Question

If the thrice repeated roots of equation \(x^{4}+a x^{3}+b x^{2}+c x-1=0\) is 1 , then \(a+b+2 c\) is equal to (1) 0 (2) 1 (3) \(-1\) (4) 2

Short answer

-6

Step-by-step solution

Understand the Given Information

The given polynomial is: \(x^4 + a x^3 + b x^2 + c x - 1 = 0\)We are also given that the root 1 is repeated thrice.

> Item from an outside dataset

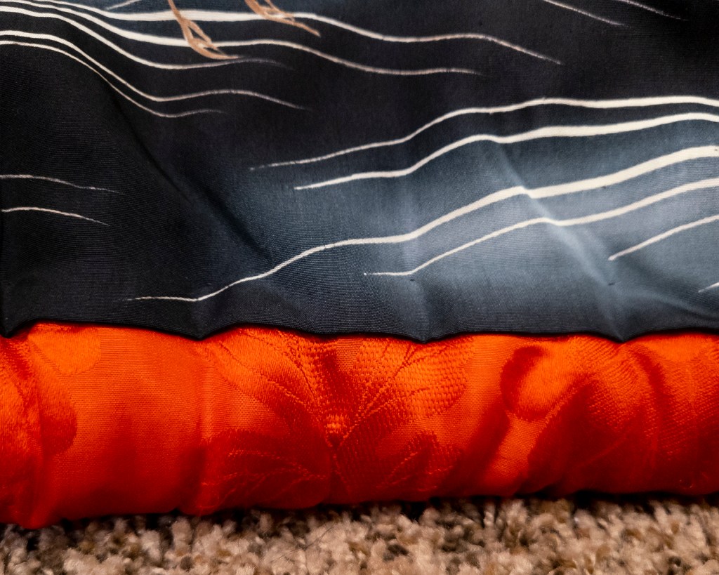 Something that I was pretty excited about was the use of heavy jimon (woven pattern) on the red lining. I’ve seen it before on antique uchikake, but I didn’t own one that came with it. I have one, but I restored it with a lining with jimon rather than it being original to the piece. The Mt. Fuji uchikake has a very smooth, soft red lining, and the temple uchikake with all of the couching has a thick red chirimen (crepe) lining.

Represent the Polynomial with Given Roots

Since 1 is a thrice repeated root, and this is a fourth degree polynomial, we can represent the polynomial as:\((x-1)^3(x-r) = x^4 + a x^3 + b x^2 + c x - 1\)where \(1\) is repeated thrice and \(r\) is an unknown root.

Expand the Polynomial

Expand \((x-1)^3(x-r)\):\((x^3 - 3x^2 + 3x - 1)(x - r)\)Expanding this:\[\begin{aligned} (x^3 - 3x^2 + 3x - 1)(x - r) &= x^4 - rx^3 - 3x^3 + 3rx^2 + 3x^2 - 3xr - x + r \ &= x^4 - (r + 3)x^3 + (3r + 3)x^2 - (3r + 1)x + r\end{aligned}\]

Match the Coefficients

Comparing the expanded polynomial to the given polynomial:\(x^4 - (r + 3)x^3 + (3r + 3)x^2 - (3r + 1)x + r = x^4 + a x^3 + b x^2 + c x - 1\)Matching coefficients, we get:\[a = -(r + 3)\]\[b = 3r + 3\]\[c = -(3r + 1)\]Also, comparing constant terms we get:\[r = 1\]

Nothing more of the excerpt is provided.